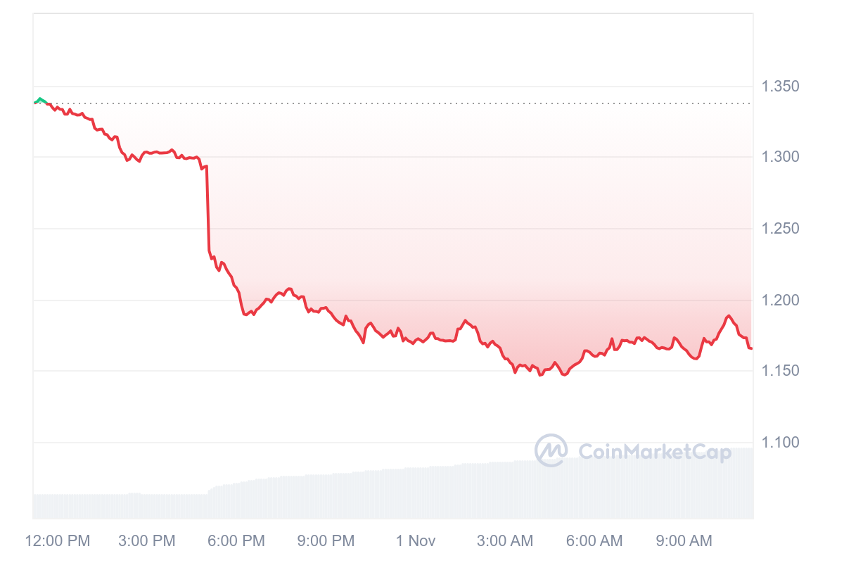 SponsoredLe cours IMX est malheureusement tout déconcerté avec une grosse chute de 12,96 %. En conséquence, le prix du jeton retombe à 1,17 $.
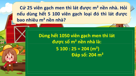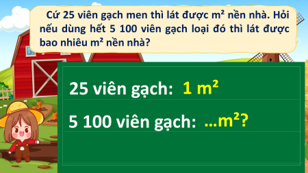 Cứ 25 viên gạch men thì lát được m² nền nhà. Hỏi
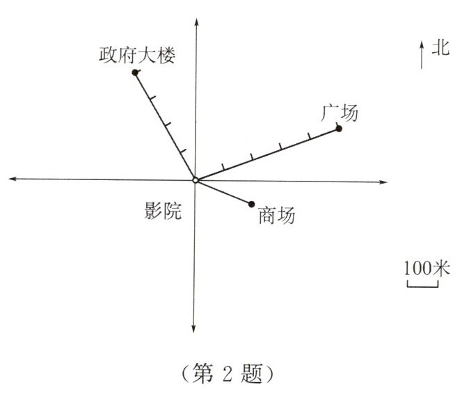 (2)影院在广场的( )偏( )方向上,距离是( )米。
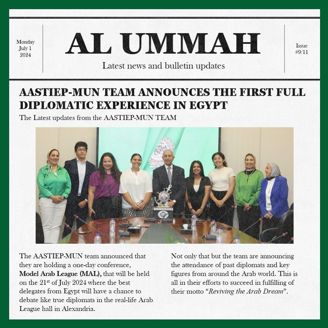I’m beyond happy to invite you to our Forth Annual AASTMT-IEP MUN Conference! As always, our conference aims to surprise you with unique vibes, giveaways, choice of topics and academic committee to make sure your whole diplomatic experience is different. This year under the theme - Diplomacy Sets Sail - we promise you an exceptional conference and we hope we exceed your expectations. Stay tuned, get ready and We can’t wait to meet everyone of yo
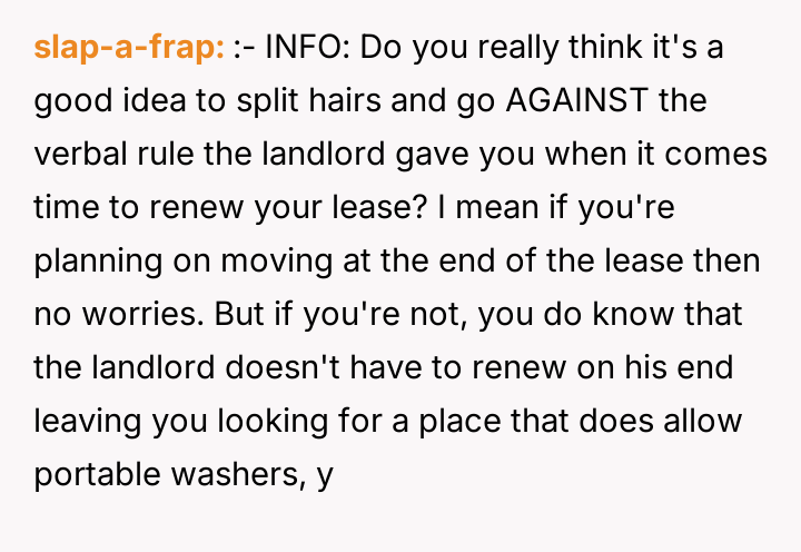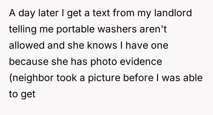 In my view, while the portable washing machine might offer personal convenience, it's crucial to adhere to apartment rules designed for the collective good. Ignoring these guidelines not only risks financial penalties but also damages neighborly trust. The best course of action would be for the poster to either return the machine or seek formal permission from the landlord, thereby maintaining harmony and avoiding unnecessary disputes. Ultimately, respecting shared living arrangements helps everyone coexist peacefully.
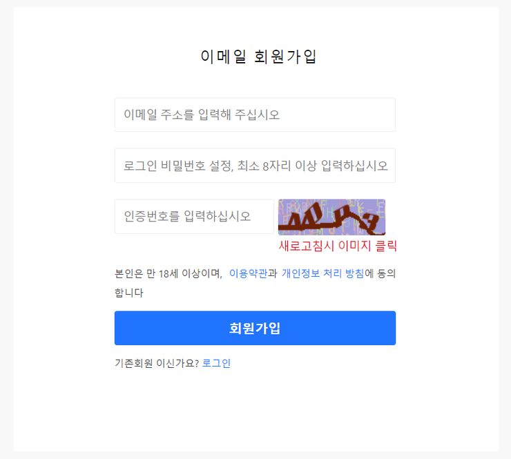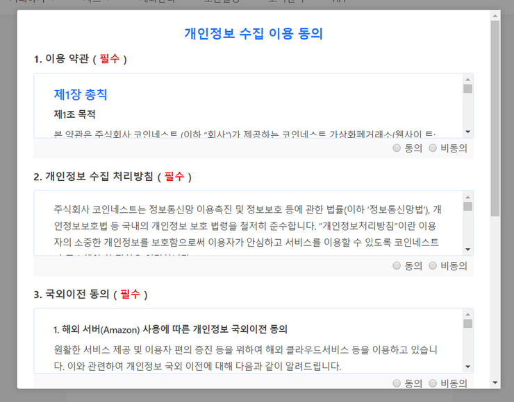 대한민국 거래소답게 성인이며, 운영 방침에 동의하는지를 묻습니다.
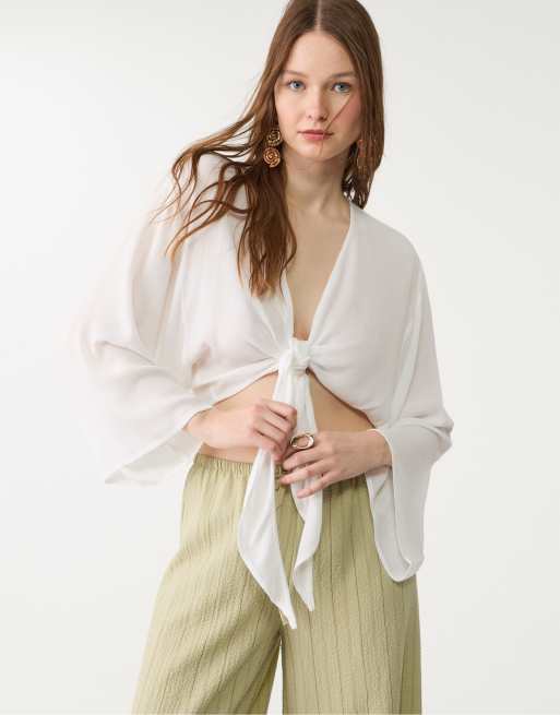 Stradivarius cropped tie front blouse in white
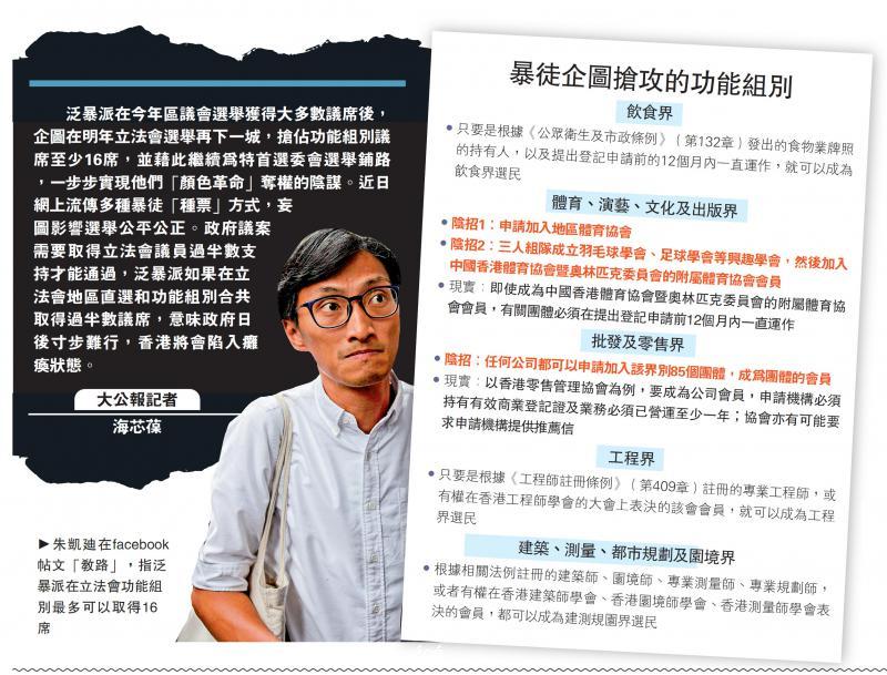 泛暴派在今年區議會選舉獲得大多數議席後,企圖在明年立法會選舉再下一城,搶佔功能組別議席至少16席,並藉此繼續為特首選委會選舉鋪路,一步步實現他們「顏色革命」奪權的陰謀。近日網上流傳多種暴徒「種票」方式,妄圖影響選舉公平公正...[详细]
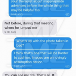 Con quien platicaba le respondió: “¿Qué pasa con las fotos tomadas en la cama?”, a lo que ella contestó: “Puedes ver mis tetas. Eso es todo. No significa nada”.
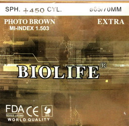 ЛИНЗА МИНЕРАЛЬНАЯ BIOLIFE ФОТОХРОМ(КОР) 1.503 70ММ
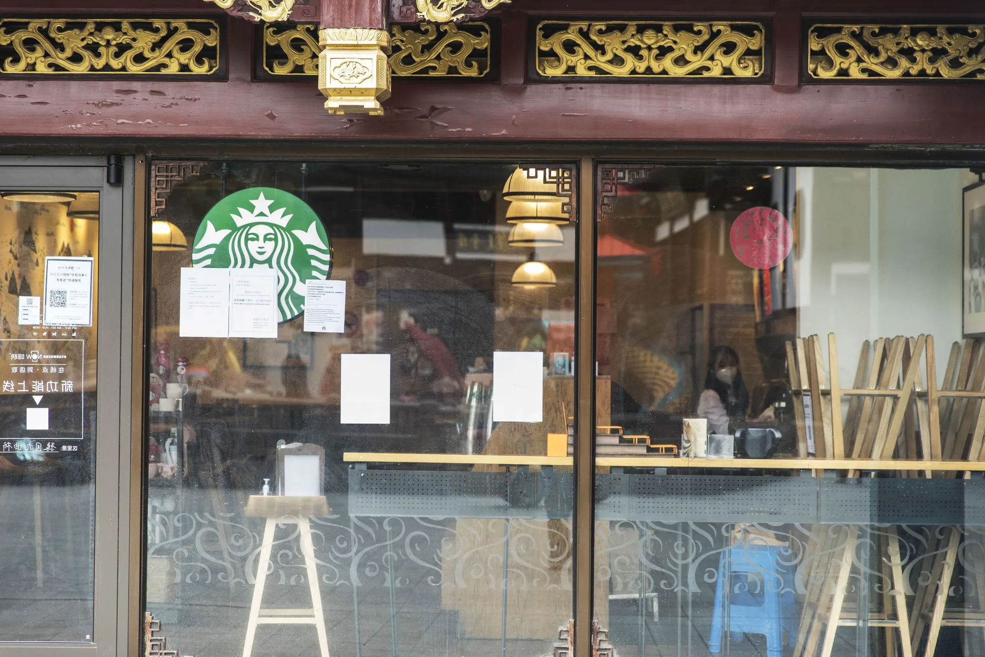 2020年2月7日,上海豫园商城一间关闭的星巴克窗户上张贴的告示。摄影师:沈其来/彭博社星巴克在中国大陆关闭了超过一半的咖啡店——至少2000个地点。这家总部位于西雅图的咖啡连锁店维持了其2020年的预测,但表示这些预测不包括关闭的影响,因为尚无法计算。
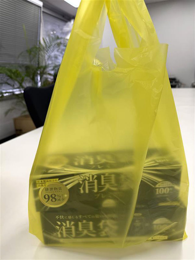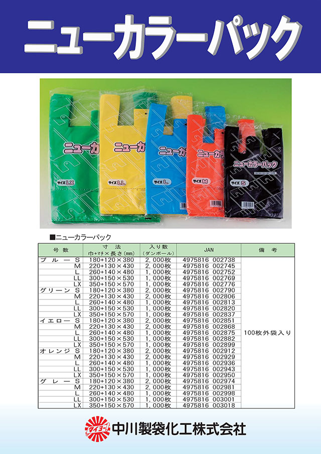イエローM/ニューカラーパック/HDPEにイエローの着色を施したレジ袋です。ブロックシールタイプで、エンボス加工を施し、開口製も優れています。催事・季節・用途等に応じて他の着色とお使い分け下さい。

────────────────────

### Required action
For the material above, give again only the lines starting at the line that contains "(2)影院在广场的( )偏( )方向上,距离是( )米。" and ending at the line that contains "2020年2月7日,上海豫园". Pictures do not belong in the copy.

### Answer for this exercise
 (2)影院在广场的( )偏( )方向上,距离是( )米。
I’m beyond happy to invite you to our Forth Annual AASTMT-IEP MUN Conference! As always, our conference aims to surprise you with unique vibes, giveaways, choice of topics and academic committee to make sure your whole diplomatic experience is different. This year under the theme - Diplomacy Sets Sail - we promise you an exceptional conference and we hope we exceed your expectations. Stay tuned, get ready and We can’t wait to meet everyone of yo
 In my view, while the portable washing machine might offer personal convenience, it's crucial to adhere to apartment rules designed for the collective good. Ignoring these guidelines not only risks financial penalties but also damages neighborly trust. The best course of action would be for the poster to either return the machine or seek formal permission from the landlord, thereby maintaining harmony and avoiding unnecessary disputes. Ultimately, respecting shared living arrangements helps everyone coexist peacefully.
 대한민국 거래소답게 성인이며, 운영 방침에 동의하는지를 묻습니다.
 Stradivarius cropped tie front blouse in white
 泛暴派在今年區議會選舉獲得大多數議席後,企圖在明年立法會選舉再下一城,搶佔功能組別議席至少16席,並藉此繼續為特首選委會選舉鋪路,一步步實現他們「顏色革命」奪權的陰謀。近日網上流傳多種暴徒「種票」方式,妄圖影響選舉公平公正...[详细]
 Con quien platicaba le respondió: “¿Qué pasa con las fotos tomadas en la cama?”, a lo que ella contestó: “Puedes ver mis tetas. Eso es todo. No significa nada”.
 ЛИНЗА МИНЕРАЛЬНАЯ BIOLIFE ФОТОХРОМ(КОР) 1.503 70ММ
 2020年2月7日,上海豫园商城一间关闭的星巴克窗户上张贴的告示。摄影师:沈其来/彭博社星巴克在中国大陆关闭了超过一半的咖啡店——至少2000个地点。这家总部位于西雅图的咖啡连锁店维持了其2020年的预测,但表示这些预测不包括关闭的影响,因为尚无法计算。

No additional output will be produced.